* [Dataset excerpt]:
★ ★ ★ ★ ★
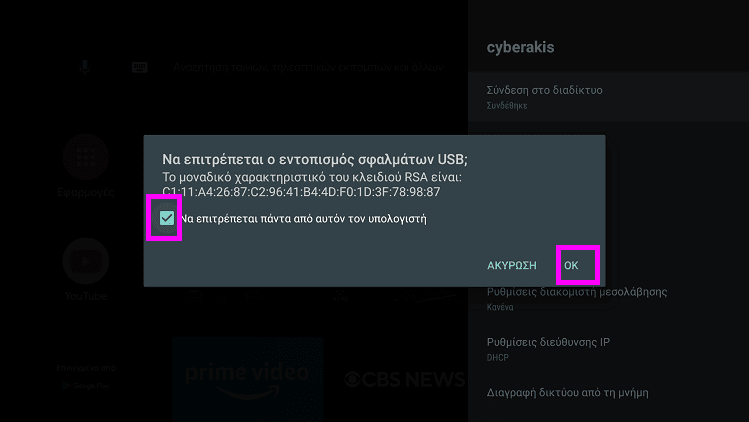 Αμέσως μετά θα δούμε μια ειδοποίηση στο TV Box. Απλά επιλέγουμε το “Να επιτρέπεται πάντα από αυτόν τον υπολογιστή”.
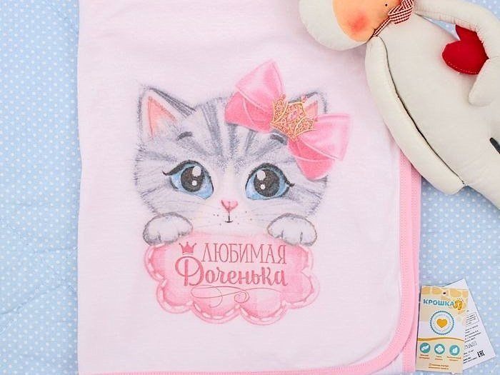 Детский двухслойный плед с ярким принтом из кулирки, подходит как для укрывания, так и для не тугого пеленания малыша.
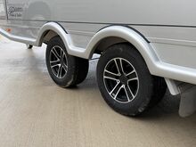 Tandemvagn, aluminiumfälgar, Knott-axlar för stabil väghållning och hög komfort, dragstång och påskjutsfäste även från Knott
★ ★ ★ ★ ★
Retype the whole listing above exactly as written. Skip the pictures.

 Αμέσως μετά θα δούμε μια ειδοποίηση στο TV Box. Απλά επιλέγουμε το “Να επιτρέπεται πάντα από αυτόν τον υπολογιστή”.
 Детский двухслойный плед с ярким принтом из кулирки, подходит как для укрывания, так и для не тугого пеленания малыша.
 Tandemvagn, aluminiumfälgar, Knott-axlar för stabil väghållning och hög komfort, dragstång och påskjutsfäste även från Knott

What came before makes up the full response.